Discussion of EVI's Concept of the Ideal

From: Steve Gabosch (bebop101@comcast.net)
Date: Wed May 12 2004 - 05:20:21 PDT


This post discusses Ilyenkov’s article “The Concept of the Ideal.” It
begins with a brief reference to Marx’s concept of the ideal, then goes on
to discuss Ilyenkov’s concept of the ideal in some detail.

The following quote is from Marx's 1873 Afterword to The Second German
Edition of Capital Volume 1. Marx says "the ideal is nothing else than the
material world reflected by the human mind, and translated into forms of
thought."

Evald Vasilyevich Ilyenkov (1924-1979) (EVI) in his 1977 article "The
Concept of the Ideal," offers an ambitious interpretation of what Marx
meant by the concept of the ideal.

In the above quote, Marx certainly seems to be speaking about the mind of
the human *individual*. EVI, however, argues that Marx's concept of
ideality refers to something very different than just individual
consciousness.

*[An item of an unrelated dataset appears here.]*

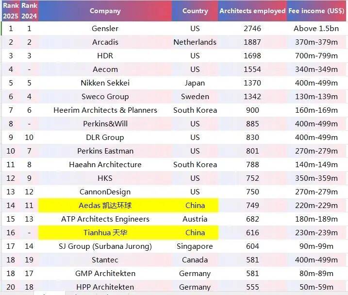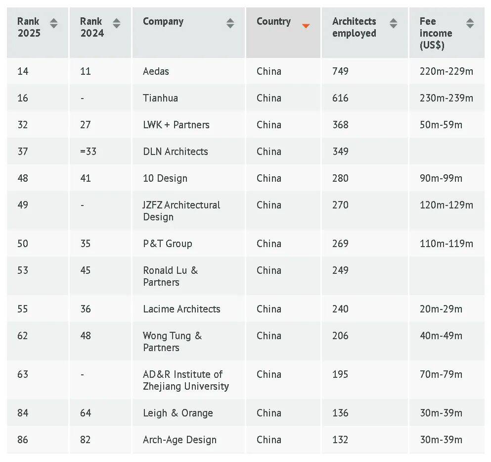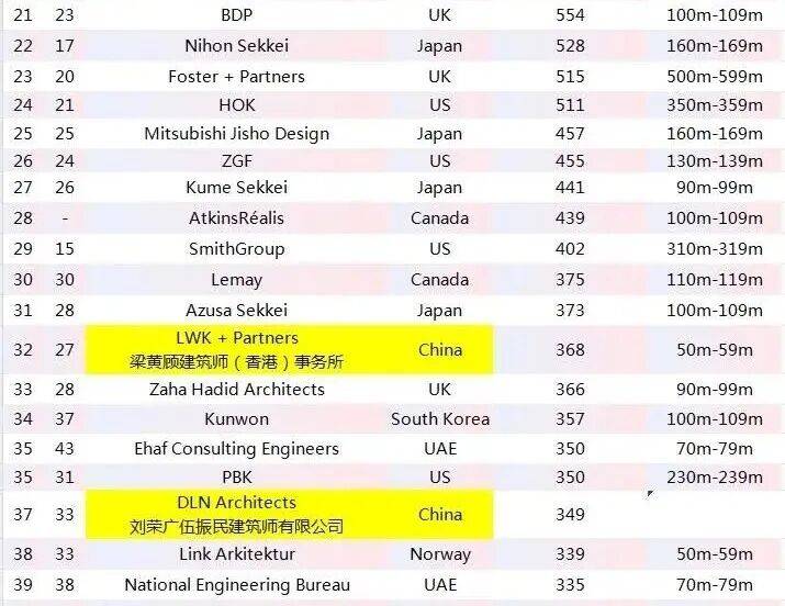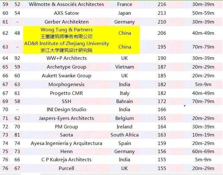 在WA100的榜单上有13家企业,分别为凯达环球、天华建筑设计、梁黄顾建筑师事务所、刘荣广伍振民建筑师事务所、拾稼设计、基准方中、巴马丹拿集团、吕元祥建筑师事务所、日清设计、王董集团、浙江大学建筑设计研究院、利安顾问、长厦安基。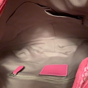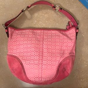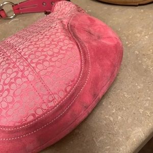 Super cute AUTHENTIC pink Coach hobo. See pics for wear on suede.. one tiny black spot. (Haven’t tried to clean) Inside is super clean!!

To remain in the framework of the above Marx quote (not
mentioned by EVI), EVI argues, in words I have *added* for illustration,
that in his interpretation of the Marxist concept of the ideal, the ideal
is nothing else than the *humanized* material world reflected by the
*collective* human mind, translated into *human culture (not just* forms of
thought). These additions of mine, which I believe capture EVI’s concept
of the ideal, appear to be saying something different from what Marx meant,
and how Marx is commonly interpreted in this regard. I will return to this.

First, some descriptions of EVI’s concept of the ideal. After briefly
touching again on the question of Marx’s concept of the ideal, I will
discuss some possible implications of EVI’s theory.

EVI explains that the ideal consists of the unceasing reciprocating
transformations between humanly created things (cultural artifacts in CHAT
terms) and human activity (see paragraphs 140 - 142 in my numbered
version). This realm called the ideal, or ideality, according to EVI, is
the product of human labor, which transforms material nature into "cultural
artifacts". These cultural artifacts, (EVI usually calls them "things"),
in turn continue to maintain their ideal forms - alongside their obvious
material forms - insofar as they remain a part of human life activity.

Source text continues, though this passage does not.